= The Bumpkin Billionaires =

British comic strip

The Bumpkin Billionaires was a British humoristic comic strip which ran from 1974 until 2000. It was drawn by Mike Lacey throughout except for the last years in Whizzer and Chips by Jim Hanson.

==Concept==
The main characters in the story were a family of four country yokels — "Ma" and "Pa" and their children Billy and Daisy — who had come into a great deal of money (possibly inspired by The Beverly Hillbillies). As the saying goes, however, "money does not bring happiness" and this particular family saw their wealth as more of a curse than a blessing. They aspired to returning to the simple life of paupers and were desperate to get rid of their money. Thus they would come up with an endless number of "get-poor-quick schemes", much to the distress of their long-suffering bank manager.

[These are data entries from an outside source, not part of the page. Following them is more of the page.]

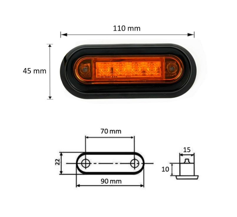 -90mm (comprimento) x 22mm (largura) x 100mm (profundidade)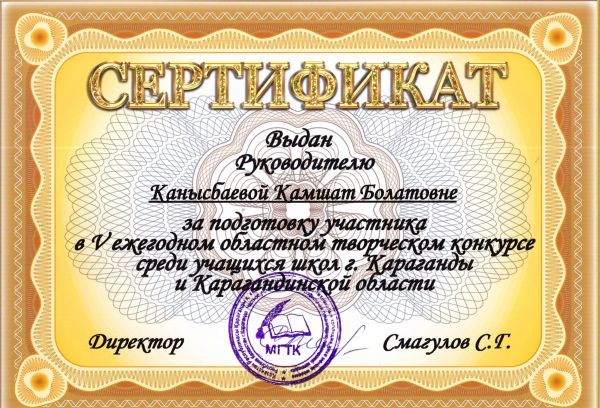 №92 гимназияның технология пәнінің мұғалімі Конысбаева Камшат Болатовнаны жеңістерімен құттықтаймыз!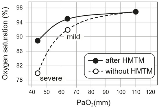 We have used a standard clinical SpO2 to PaO2 conversion table (e.g., https://www.acphospitalist.org/archives/2013/11/acph-201311-coding_t1.pdf (accessed on 21 August 2023)) to compare the oxygen–haemoglobin dissociation curves in patients receiving HMTM or those receiving a reduced form of MTC [17] with normal. For patients treated with HMTM, implied PaO2 values at baseline and corresponding SpO2 values were plotted. After treatment with HMTM, the SpO2 values were plotted at the same PaO2 values to deduce the implied shift in the dissociation curve. In order to compare these treatment effects with those reported by Hamidi Alamdari and colleagues (2021) [17], SpO2 values observed in patients receiving standard of care were used to calculate the implied untreated PaO2 values. The SpO2 values observed after 5 days of treatment with the reduced MTC preparation were plotted at the same PaO2 values to infer the implied shift in oxygen–haemoglobin dissociation.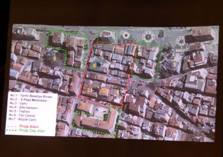 Yücel Türe ve beraberindekiler, toplantıda ayrıca, slayt eşliğinde Saathane Meydanı’nda yıkım yapmadan yapılabilecek alternatif çalışmaları ve Türkiye’de restorasyon yapılan bu tip benzer tarihi yerleri gösterdi.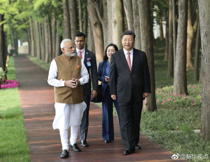 習(xí)近平同印度總理莫迪散步交談
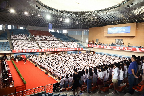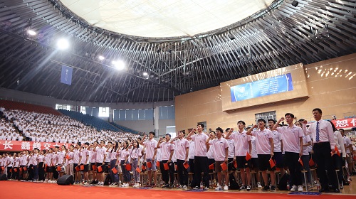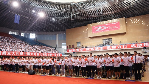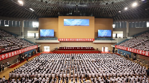 2019年8月23日上午8点,西南交通大学2019级研究生开学典礼在犀浦校区飞碟体育馆召开。正值新中国成立七十周年之际,典礼现场播放了献礼短片《为祖国点赞》,4000多名研究生身着统一的文化衫,在澳门六合彩开奖直播
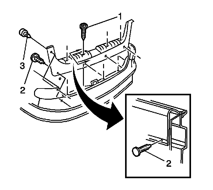 1. Remove 4 cargo area rear trim panel retaining screws (1).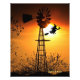Um pôr do sol colorido do Kansas com um moinho de vento e nuvens com o Sol descendo jogaram as nuvens. Com cores brilhantes ao norte de Hutchinson Kansas USA no País com a silhueta de árvores. Isso está em uma Foto Alargada. Com uma bruxa negra!!!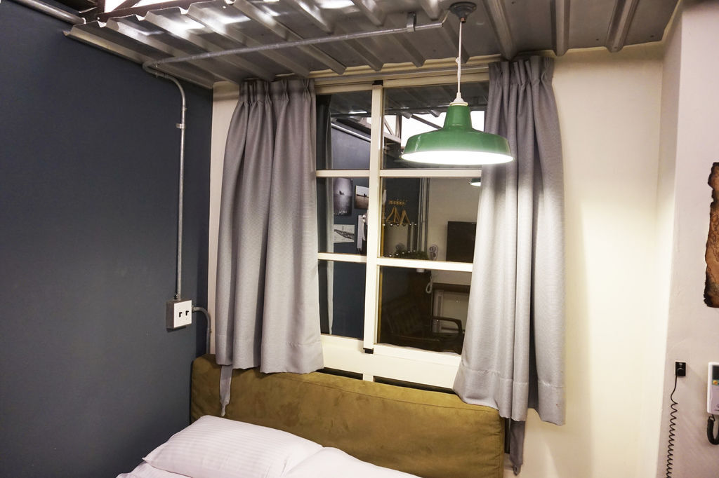 整個房間以土耳其藍牆面搭配粗曠氣息工業風與明亮潔白的床來做組合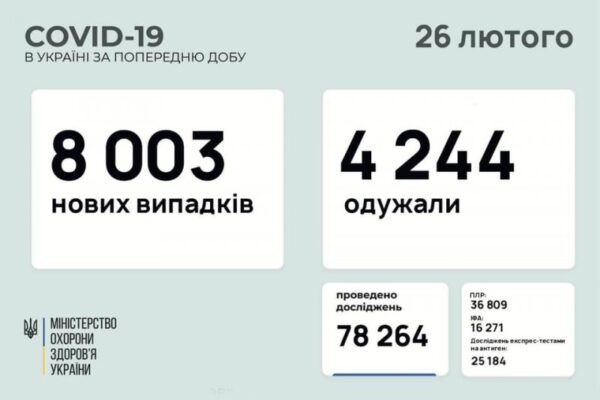 Станом на 27 лютого в області зареєстрували 182 нових випадків інфікування коронавірусом.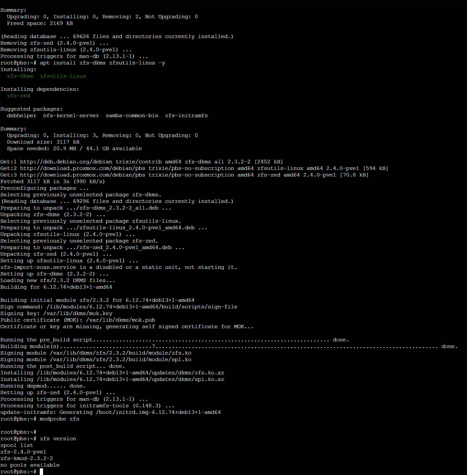 apt install build-essential dkms linux-headers-$(uname -r) -y #安装依赖 apt remove zfsutils-linux -y #重新安装 ZFS(强制用 Debian版本) apt install zfs-dkms zfsutils-linux -y #安装 Debian 原版:zfsutils modprobe zfs #加载模块 zfs version #验证 zpool list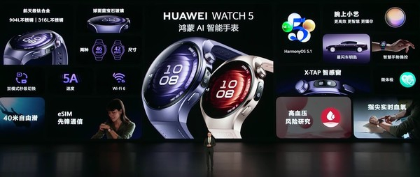 华为WATCH 5搭载X-TAP质感窗,迈入健康检测&交互新纪元,创新微米级架构,业界首发多合一超感知模组,解锁指尖健康检测;业界首发免气囊高血压风险研究;支持一触微体检,健康能力更强大,60秒即可获得报告,最多包含17项健康指标;支持健康摘要,多元数据分析,带来更科学的指导。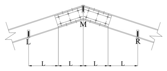 The displacement monitoring layout points of AAPF beam-beam joints are shown in Figure 14. L in Figure 14 represents the radius of the joint domain. We installed a displacement sensor at the center of the joint domain and placed one on both sides (left and right) 2 L away from the center. The method for calculating the vertical and horizontal deformation of the beam-beam joint is: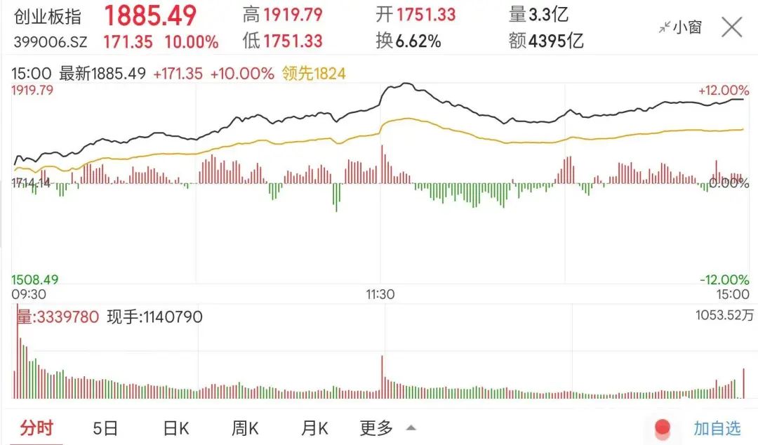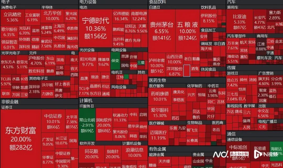 随着创业板指数大幅走高,创业板指数成交额突破历史天量,达4395亿元。创业板权重股集体大涨,东方财富涨停,宁德时代涨超10%。

The stories usually ended with the Bumpkins' plans backfiring, leaving them either as well off as they were before or even more wealthy, much to the delight of the bank manager.

==History==
It originally debuted in the UK comic Whoopee! in issue 1, dated 9 March 1974. When Whoopee! merged with Whizzer and Chips in 1985, the strip went with it, becoming part of the Whizzer section. Likewise, when Whizzer and Chips merged with Buster in 1990, the strip continued there. It remained in Buster until the comic's last issue at the beginning of 2000, though, as with all other strips by this time, it had by now become a reprint.